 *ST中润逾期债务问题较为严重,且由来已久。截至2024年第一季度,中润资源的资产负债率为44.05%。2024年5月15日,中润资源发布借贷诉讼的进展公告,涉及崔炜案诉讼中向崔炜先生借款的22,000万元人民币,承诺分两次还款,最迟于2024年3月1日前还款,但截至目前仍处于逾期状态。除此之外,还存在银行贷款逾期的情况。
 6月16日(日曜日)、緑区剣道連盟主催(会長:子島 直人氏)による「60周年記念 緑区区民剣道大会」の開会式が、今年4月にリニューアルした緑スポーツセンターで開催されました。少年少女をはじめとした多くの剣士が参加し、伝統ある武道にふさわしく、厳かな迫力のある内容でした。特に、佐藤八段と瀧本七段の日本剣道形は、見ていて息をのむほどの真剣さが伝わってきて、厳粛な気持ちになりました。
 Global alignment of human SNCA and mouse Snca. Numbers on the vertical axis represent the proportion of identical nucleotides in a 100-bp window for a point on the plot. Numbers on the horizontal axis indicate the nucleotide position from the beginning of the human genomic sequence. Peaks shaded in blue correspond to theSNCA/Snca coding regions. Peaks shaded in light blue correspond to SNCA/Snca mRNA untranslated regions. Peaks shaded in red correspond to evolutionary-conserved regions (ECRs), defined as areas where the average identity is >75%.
* * *
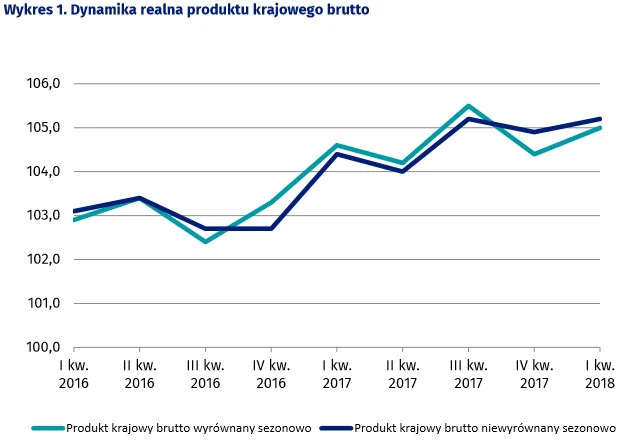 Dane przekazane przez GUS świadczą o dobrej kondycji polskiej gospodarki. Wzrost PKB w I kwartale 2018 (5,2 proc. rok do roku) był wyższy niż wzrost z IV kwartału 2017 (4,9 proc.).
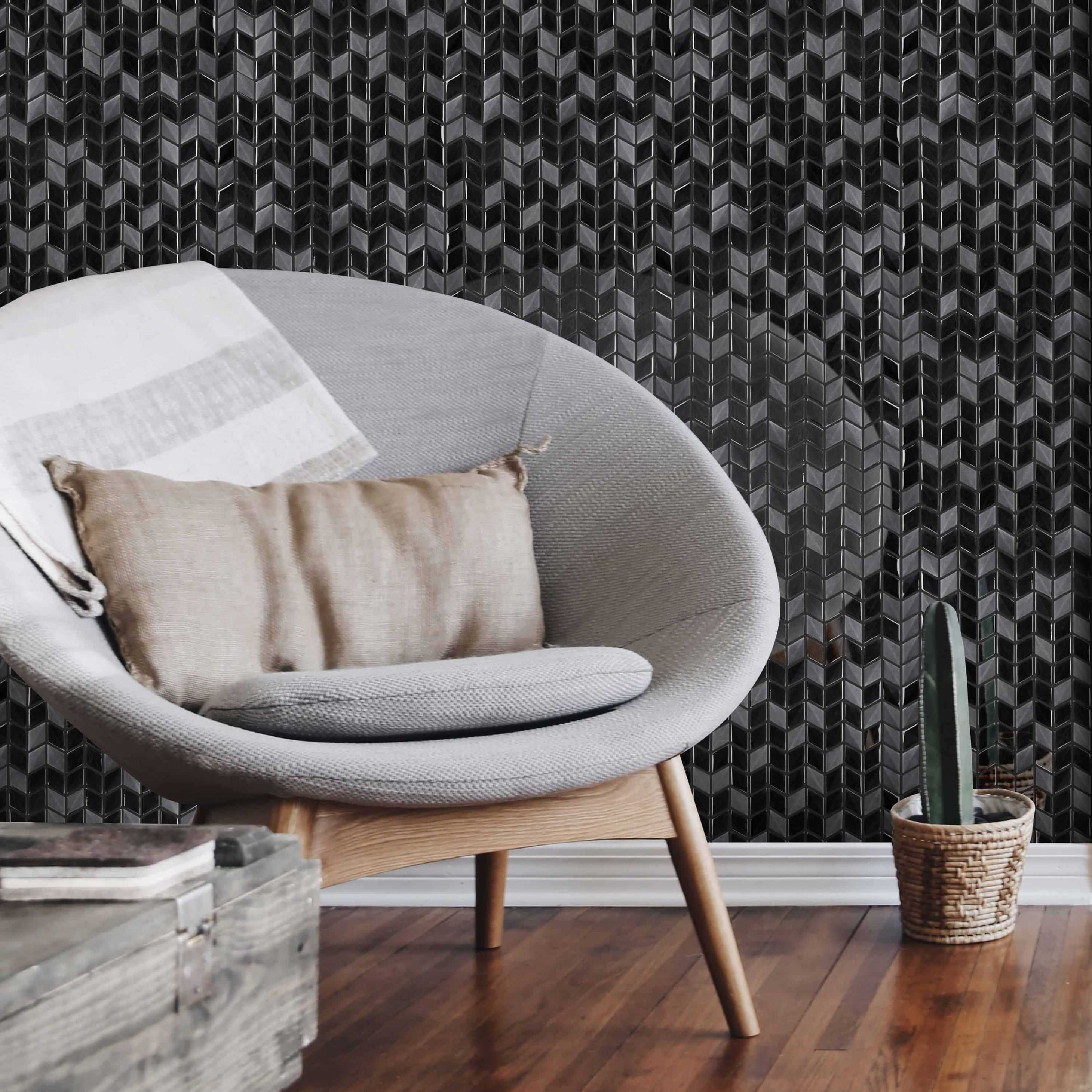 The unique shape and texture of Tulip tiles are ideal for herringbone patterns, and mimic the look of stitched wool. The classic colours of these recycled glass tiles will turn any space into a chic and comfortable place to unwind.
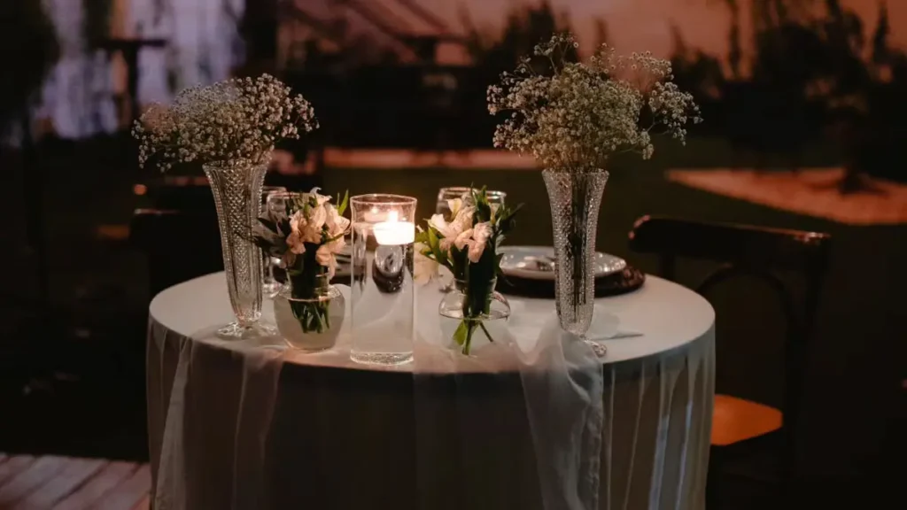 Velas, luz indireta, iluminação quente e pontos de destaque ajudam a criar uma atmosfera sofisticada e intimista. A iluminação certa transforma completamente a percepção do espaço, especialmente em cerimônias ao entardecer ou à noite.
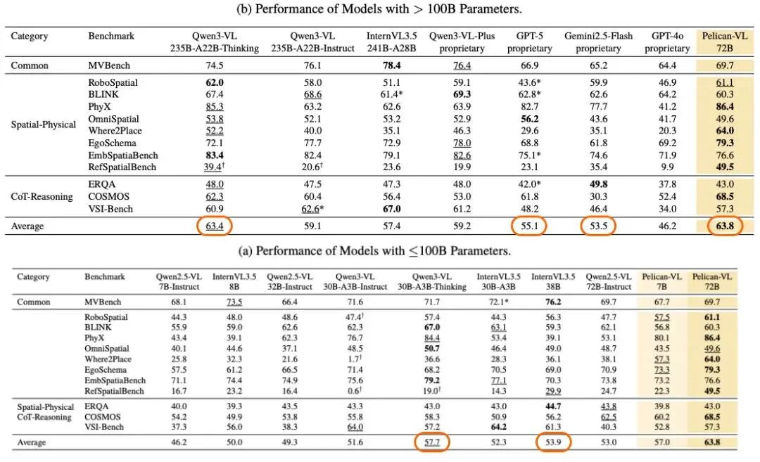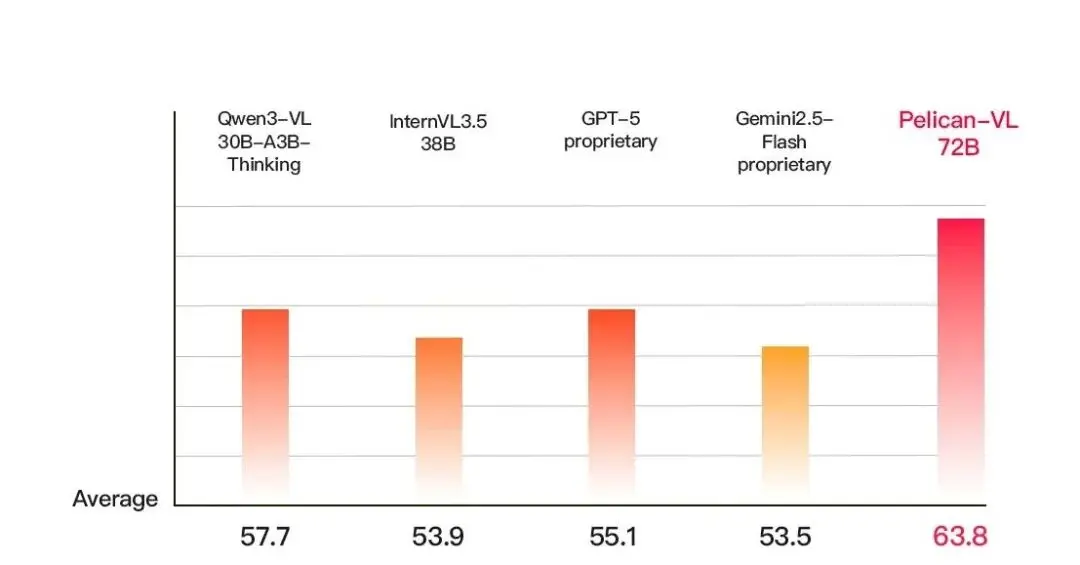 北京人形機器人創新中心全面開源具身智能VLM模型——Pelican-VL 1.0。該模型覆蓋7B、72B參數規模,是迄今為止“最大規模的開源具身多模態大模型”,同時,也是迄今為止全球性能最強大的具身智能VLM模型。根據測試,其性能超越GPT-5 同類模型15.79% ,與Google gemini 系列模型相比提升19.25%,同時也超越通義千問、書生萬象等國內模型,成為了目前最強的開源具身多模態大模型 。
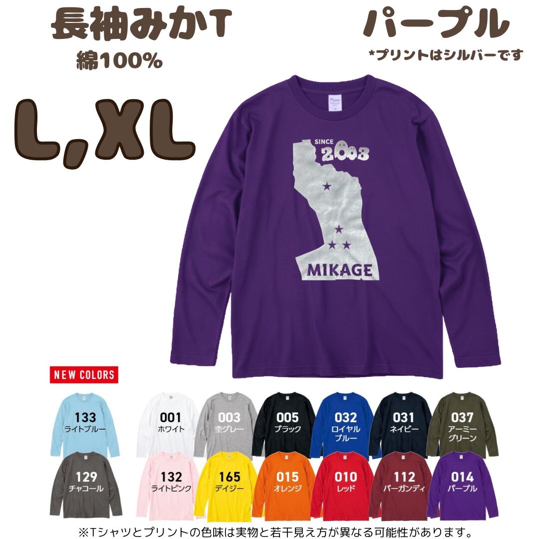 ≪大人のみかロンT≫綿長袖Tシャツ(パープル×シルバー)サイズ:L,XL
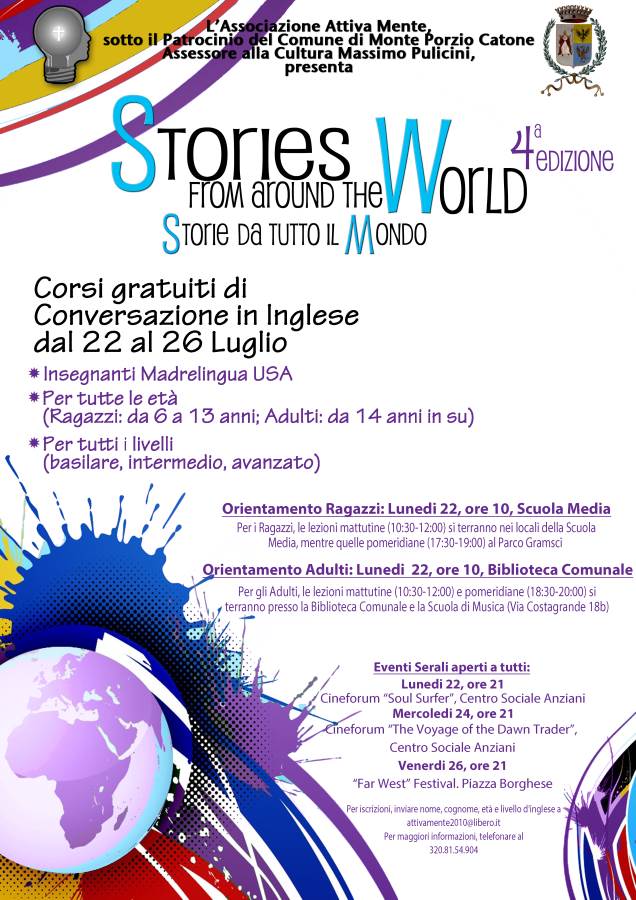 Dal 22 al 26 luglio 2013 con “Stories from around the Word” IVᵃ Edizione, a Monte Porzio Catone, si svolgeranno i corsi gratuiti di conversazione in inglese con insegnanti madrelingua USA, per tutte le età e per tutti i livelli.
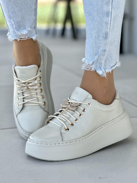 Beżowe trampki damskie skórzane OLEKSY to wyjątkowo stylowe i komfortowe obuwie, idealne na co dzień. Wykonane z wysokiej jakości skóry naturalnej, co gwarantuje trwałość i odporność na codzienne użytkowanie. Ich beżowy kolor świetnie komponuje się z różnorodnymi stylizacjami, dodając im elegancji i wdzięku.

- WHAT YOU ARE ASKED TO DO:
Using the listing above, restate exactly the range between the lines holding "The unique shape" and "Beżowe trampki damskie", inclusive, with pictures left out.

- EXERCISE ANSWER:
 The unique shape and texture of Tulip tiles are ideal for herringbone patterns, and mimic the look of stitched wool. The classic colours of these recycled glass tiles will turn any space into a chic and comfortable place to unwind.
 Velas, luz indireta, iluminação quente e pontos de destaque ajudam a criar uma atmosfera sofisticada e intimista. A iluminação certa transforma completamente a percepção do espaço, especialmente em cerimônias ao entardecer ou à noite.
 北京人形機器人創新中心全面開源具身智能VLM模型——Pelican-VL 1.0。該模型覆蓋7B、72B參數規模,是迄今為止“最大規模的開源具身多模態大模型”,同時,也是迄今為止全球性能最強大的具身智能VLM模型。根據測試,其性能超越GPT-5 同類模型15.79% ,與Google gemini 系列模型相比提升19.25%,同時也超越通義千問、書生萬象等國內模型,成為了目前最強的開源具身多模態大模型 。
 ≪大人のみかロンT≫綿長袖Tシャツ(パープル×シルバー)サイズ:L,XL
 Dal 22 al 26 luglio 2013 con “Stories from around the Word” IVᵃ Edizione, a Monte Porzio Catone, si svolgeranno i corsi gratuiti di conversazione in inglese con insegnanti madrelingua USA, per tutte le età e per tutti i livelli.
 Beżowe trampki damskie skórzane OLEKSY to wyjątkowo stylowe i komfortowe obuwie, idealne na co dzień. Wykonane z wysokiej jakości skóry naturalnej, co gwarantuje trwałość i odporność na codzienne użytkowanie. Ich beżowy kolor świetnie komponuje się z różnorodnymi stylizacjami, dodając im elegancji i wdzięku.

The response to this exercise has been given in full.